- Opening Delimiter -
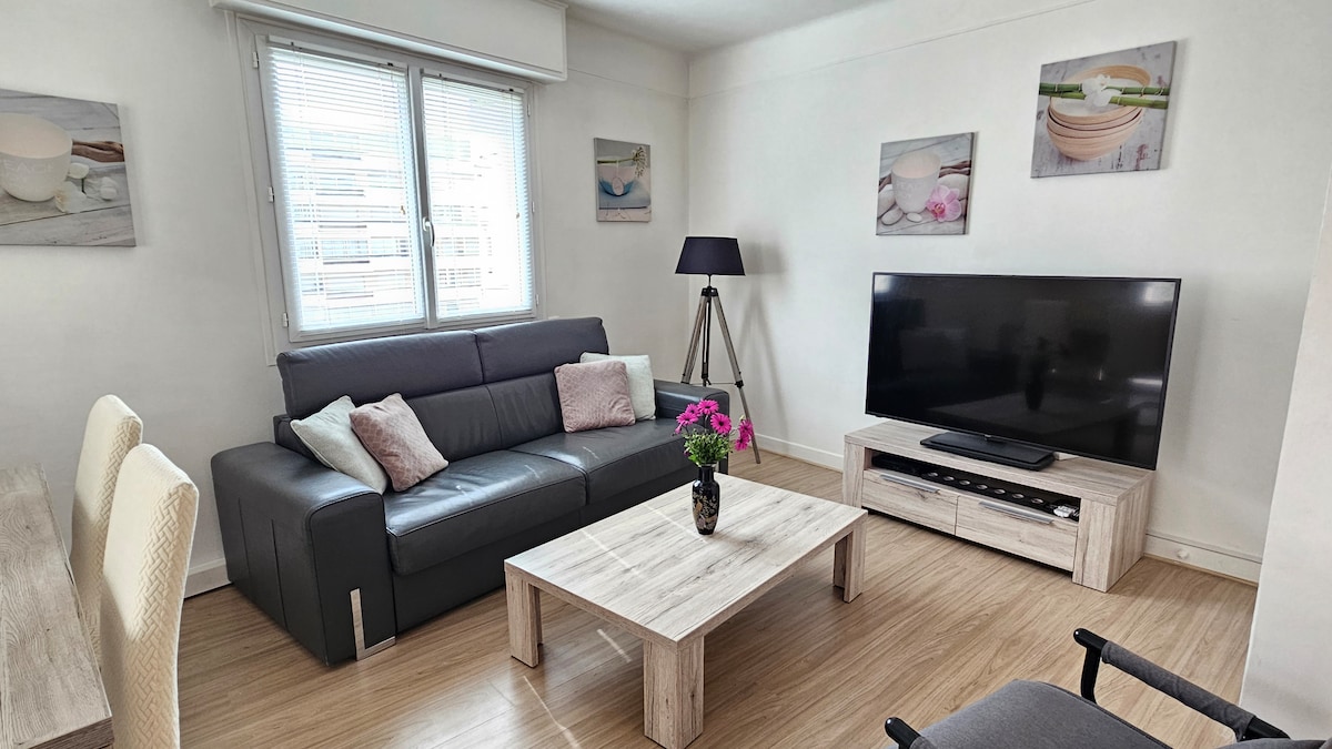 Mon logement est au centre ville, dans une rue calme et sure. Vous apprécierez mon logement pour l'ambiance, la luminosité et les espaces extérieurs et la piscine. Mon logement est parfait pour les couples, les voyageurs en solo, les congressistes. il est à 3mn de la gare et 7 mn du palais des festivals et des congres. location pendant les congrès uniquement.
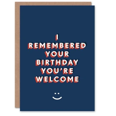 Artery8 I Remembered You Are Welcome Funny Cheeky For Him Birthday Card
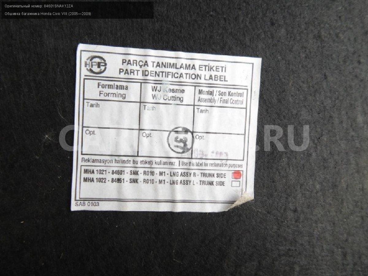 Обшивка багажника Honda Civic VIII (2005—2009) Honda Civic оригинальный номер 84601SNAK12ZA
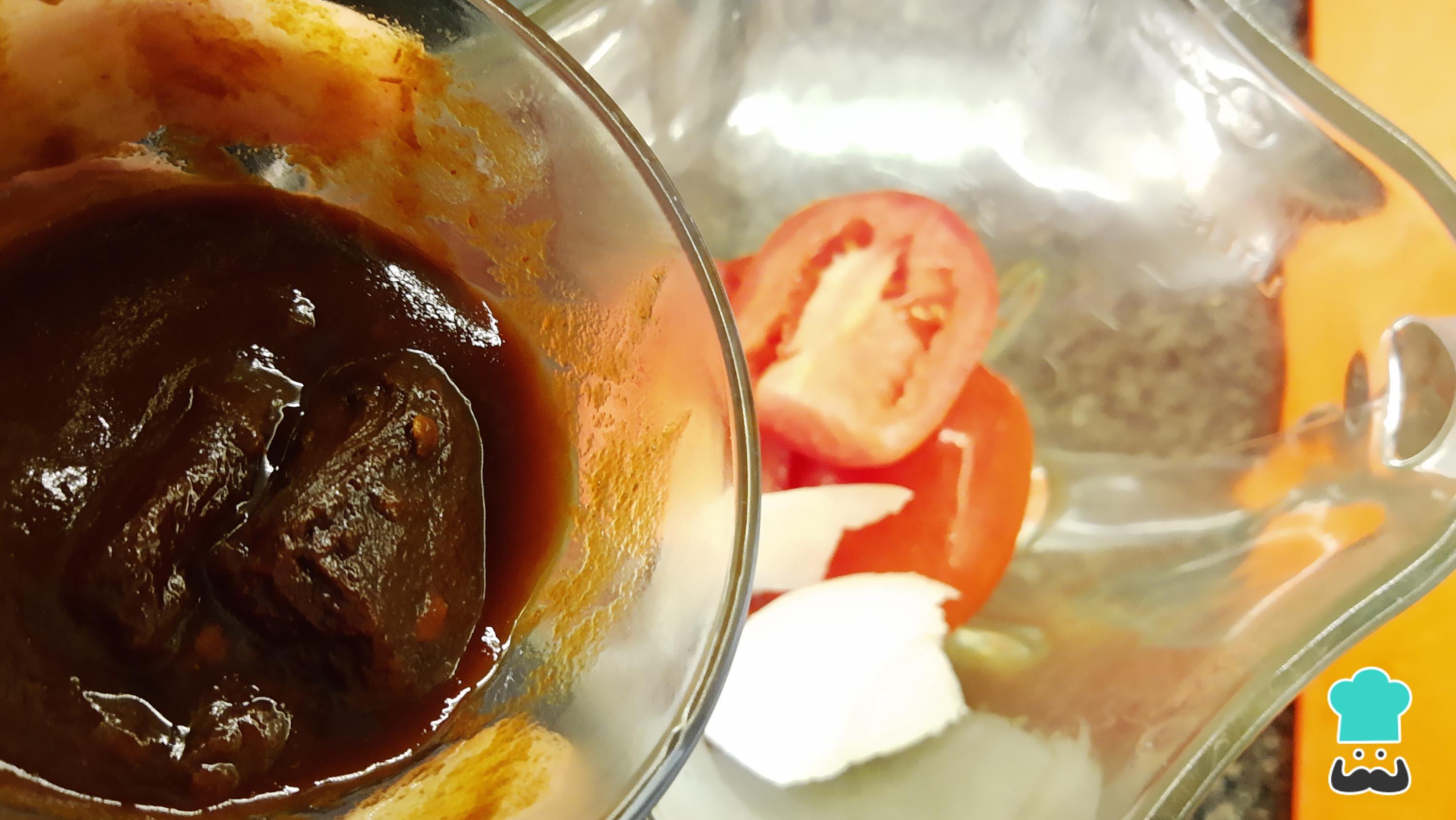 Mientras se cocina el pollo, licua los jitomates con el trozo de cebolla, una taza de agua y el chile chipotle al gusto. Tritura durante al menos 3 minutos a velocidad media.
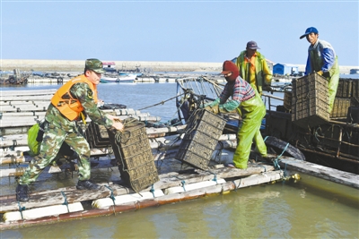 12月7日,在福建省莆田市石城渔港的渔排上,石城边防官兵协助渔民搬运从山东运来的鲍鱼网箱。
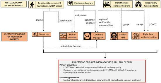 Rhythm abnormalities are treated empirically in SSc, with an absence of robust evidence-base for disease-specific treatments. Progressive cardiac disease is observed despite treatment with vasoactive, heart failure and anti-arrhythmic therapies. There are rare reports of successful treatment of sustained ventricular tachycardia with catheter ablation [73,74,75,76] and case series of successful ICD insertion with appropriate discharge and prevention of potential sudden cardiac arrest [77,78,79,80]. However, there are no SSc-specific guidelines for primary prevention of SCD in SSc with ICD.
- Closing Delimiter -
[About this task] Within the entries above, the lines from the one containing "Artery8 I Remembered" through the one containing "Обшивка багажника Honda" are to be transcribed exactly, ends included, pictures excluded.

[Task answer]
 Artery8 I Remembered You Are Welcome Funny Cheeky For Him Birthday Card
 Обшивка багажника Honda Civic VIII (2005—2009) Honda Civic оригинальный номер 84601SNAK12ZA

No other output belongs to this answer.